Monday, May 12, 2014

Add two DIY Carbon Disc Wheels

Finished Wheels with Carbon Fiber Covering

If you have read this blog previously, you probably get a sense that I hate to spend good money on expensive frames and parts if I can figure out a way to build those myself for a much more reasonable price. The one area for which I may be able to gain the greatest benefit (speed) for the least amount of cash, is to build disc wheels.

My initial search of what others have done relative to DIY disc wheels was to find that many had bought sheets of plastic, cut a circle from it, slice the circle from its center to its perimeter, and make a "cone" or disc that fits from the hub, to the spokes and to the rim.  Then the do-it-yourselfer would then glue, tape, and/or mechanically fasten the plastic disc in place relative to the hub, spokes and rim.

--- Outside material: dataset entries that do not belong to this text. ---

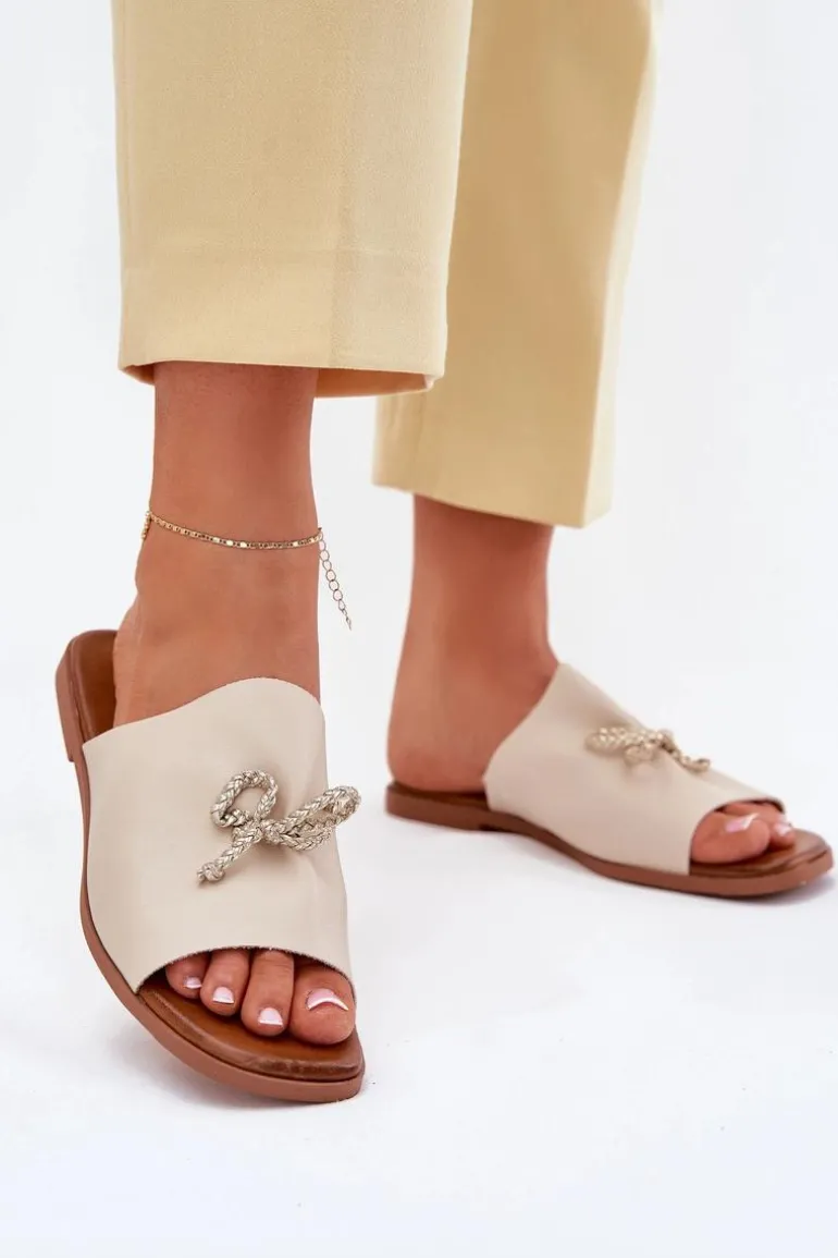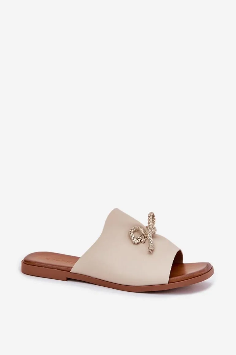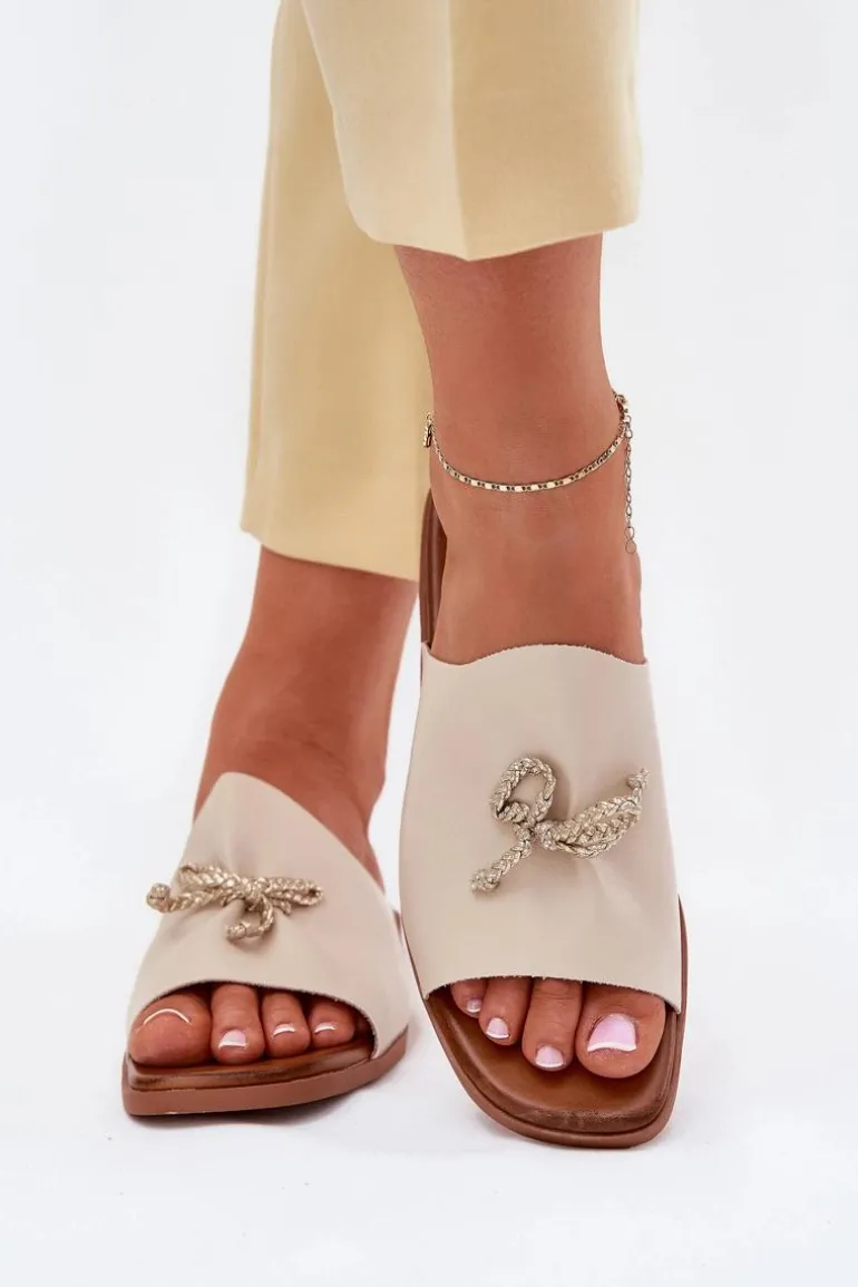 Klapki damskie z eko skóry, osadzone na płaskim obcasie, to elegancka propozycja na ciepłe dni. Model ten wyróżnia się subtelnym ozdobnym wiązaniem, które dodaje im wyjątkowego charakteru. Ich klasyczny fason sprawia, że doskonale komponują się zarówno z sukienkami, jak i spodniami materiałowymi, tworząc stylowy i wygodny look. Przy wyborze rozmiaru prosimy sugerować się tabelą rozmiarów.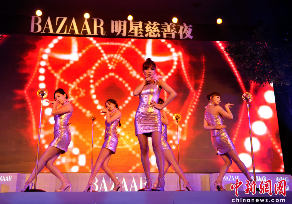 4月25日,由《時尚芭莎》雜志社主辦的第8屆“BAZAAR明星慈善夜”活動在上海舉行,圖為韓國少女組合Wonder Girl參加晚宴并現場演唱漢語版《nobody》。 中新網記者 金碩 攝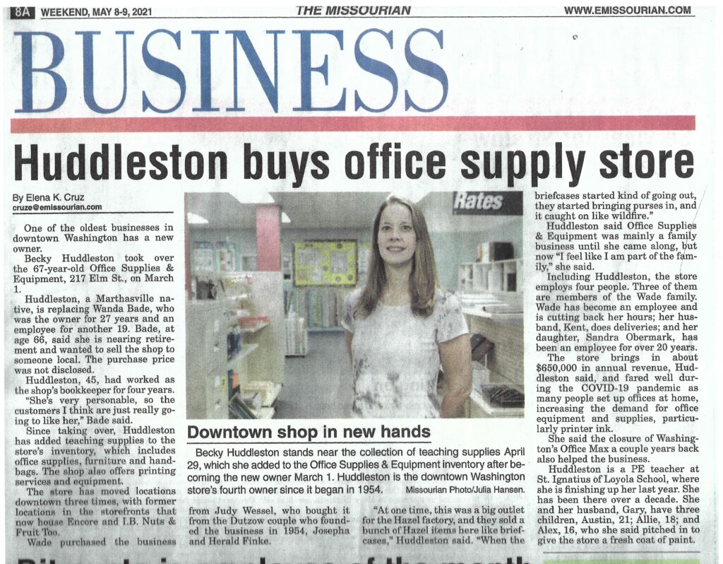 In March 2021, Washington native Becky Huddleston purchased Office Supplies & Equipment, becoming the fourth owner of the downtown business since it first opened in 1954.

Some studies even propose that DIY disc wheel covers perform equal to the expensive carbon fiber disc wheels.

As I was searching the subject, I found that many disc wheels actually contain spokes.  Well my existing wheels contain spokes.  And those wheels do not have rim brakes...

After ordering 24"x24" - 3/32" ABS plastic sheets, I retrieved the delivered box from the front door, only to find that the box of plastic was actually pretty heavy.  I do not need more weight for the handcycle! So I decided to use a a similar technique as mentioned above, but with a single layer of carbon-fiber substituted for the ABS plastic.  This would reduce the weight considerably.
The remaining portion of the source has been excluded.